SUPPLIED INFORMATION:

>>>>>

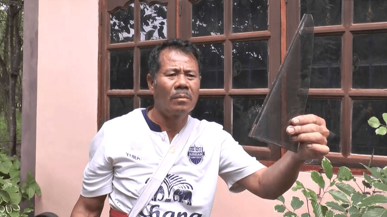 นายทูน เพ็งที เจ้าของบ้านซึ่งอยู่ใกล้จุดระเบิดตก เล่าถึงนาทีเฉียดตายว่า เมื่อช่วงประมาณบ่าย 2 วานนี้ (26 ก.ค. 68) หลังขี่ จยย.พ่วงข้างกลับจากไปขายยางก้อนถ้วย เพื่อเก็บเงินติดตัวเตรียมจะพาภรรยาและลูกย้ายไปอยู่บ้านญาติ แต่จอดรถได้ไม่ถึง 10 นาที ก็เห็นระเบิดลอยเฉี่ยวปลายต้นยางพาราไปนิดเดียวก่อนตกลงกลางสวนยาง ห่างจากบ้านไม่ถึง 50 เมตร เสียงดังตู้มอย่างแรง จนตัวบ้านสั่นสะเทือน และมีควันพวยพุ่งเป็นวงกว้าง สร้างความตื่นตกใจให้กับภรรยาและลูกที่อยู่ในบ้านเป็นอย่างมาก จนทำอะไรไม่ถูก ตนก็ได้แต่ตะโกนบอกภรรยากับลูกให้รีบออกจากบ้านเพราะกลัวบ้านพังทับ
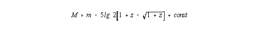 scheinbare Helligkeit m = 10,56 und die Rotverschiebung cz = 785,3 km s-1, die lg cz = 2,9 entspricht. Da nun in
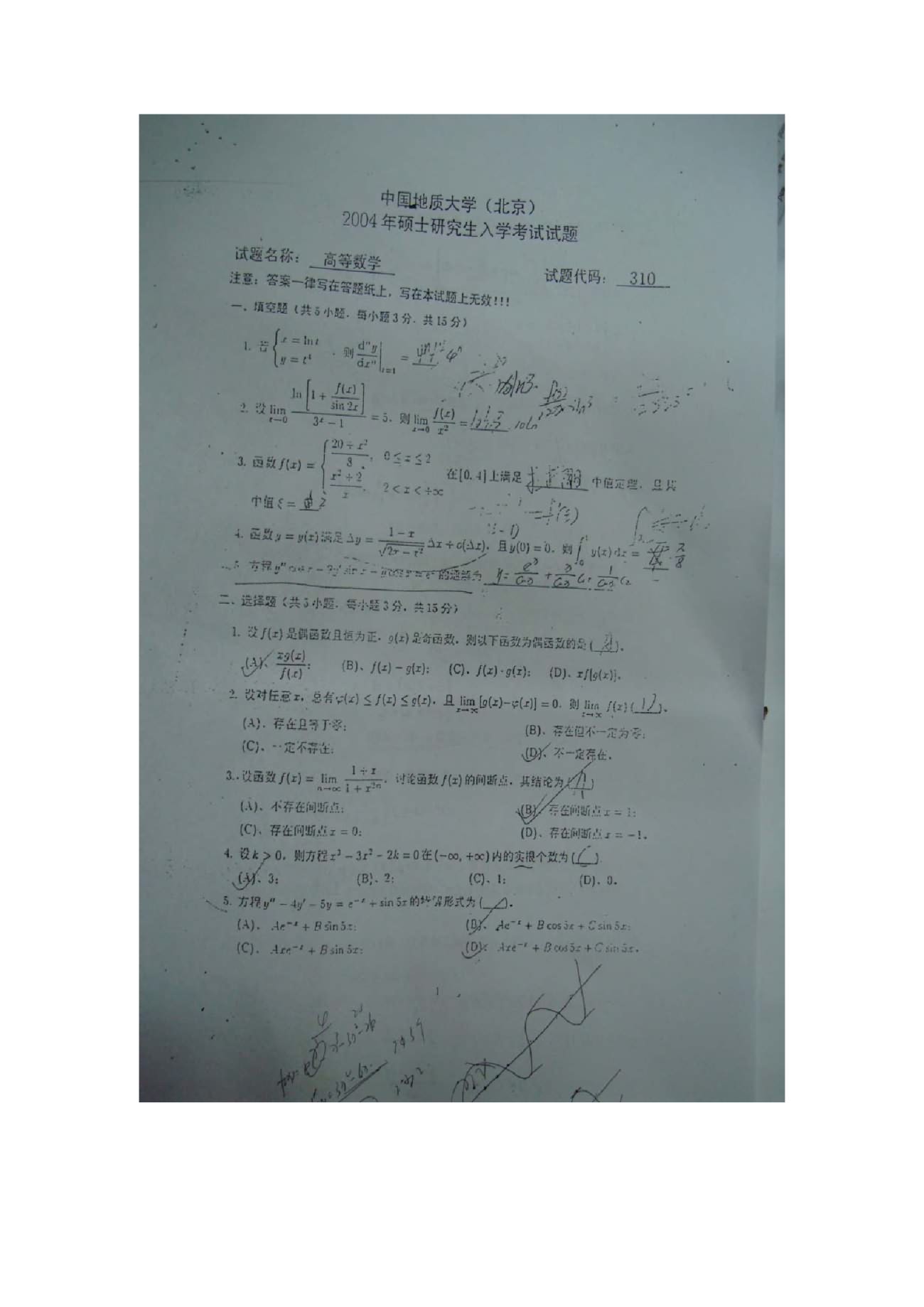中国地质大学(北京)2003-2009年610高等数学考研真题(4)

<<<<<
>>>>>

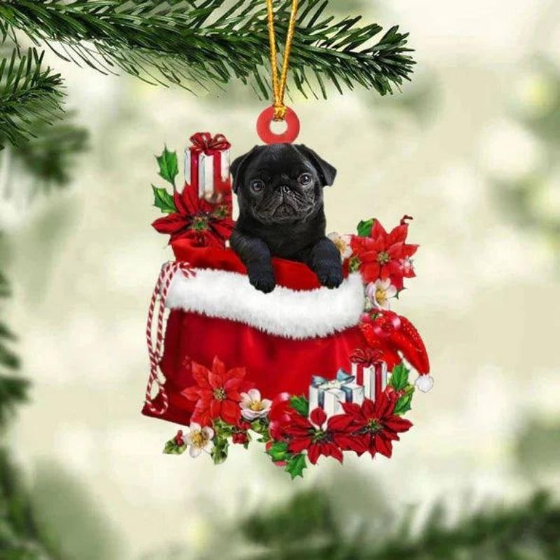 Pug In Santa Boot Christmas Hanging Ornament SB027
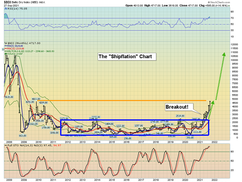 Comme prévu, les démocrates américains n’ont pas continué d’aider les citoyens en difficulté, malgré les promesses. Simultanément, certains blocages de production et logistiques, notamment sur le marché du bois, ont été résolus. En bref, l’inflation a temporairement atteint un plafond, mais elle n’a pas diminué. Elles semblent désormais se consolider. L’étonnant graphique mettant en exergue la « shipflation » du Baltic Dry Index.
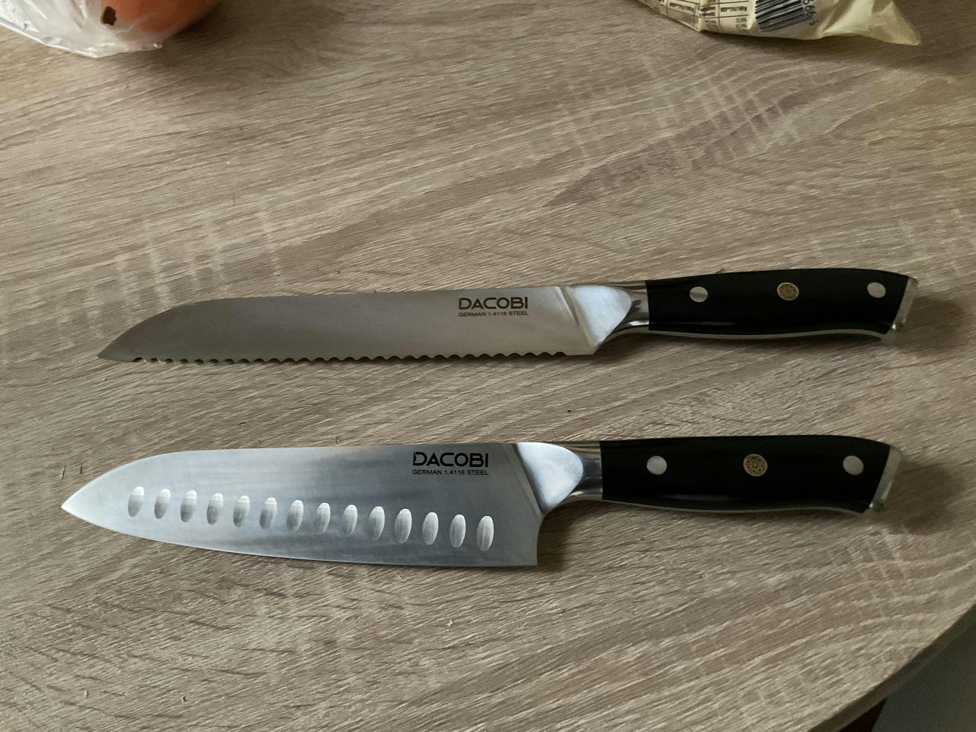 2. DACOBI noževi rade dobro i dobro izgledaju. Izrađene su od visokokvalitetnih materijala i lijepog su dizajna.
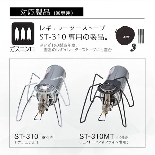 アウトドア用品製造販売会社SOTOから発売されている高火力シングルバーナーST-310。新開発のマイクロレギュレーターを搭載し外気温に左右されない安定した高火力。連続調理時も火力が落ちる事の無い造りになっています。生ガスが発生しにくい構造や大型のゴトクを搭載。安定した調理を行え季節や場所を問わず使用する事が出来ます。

<<<<<

WHAT THE EXERCISE ASKS: Copy only the lines above from the one containing "Pug In Santa" through the one containing "Comme prévu, les", both included. Leave out the pictures.

ANSWER AREA:
 Pug In Santa Boot Christmas Hanging Ornament SB027
 Comme prévu, les démocrates américains n’ont pas continué d’aider les citoyens en difficulté, malgré les promesses. Simultanément, certains blocages de production et logistiques, notamment sur le marché du bois, ont été résolus. En bref, l’inflation a temporairement atteint un plafond, mais elle n’a pas diminué. Elles semblent désormais se consolider. L’étonnant graphique mettant en exergue la « shipflation » du Baltic Dry Index.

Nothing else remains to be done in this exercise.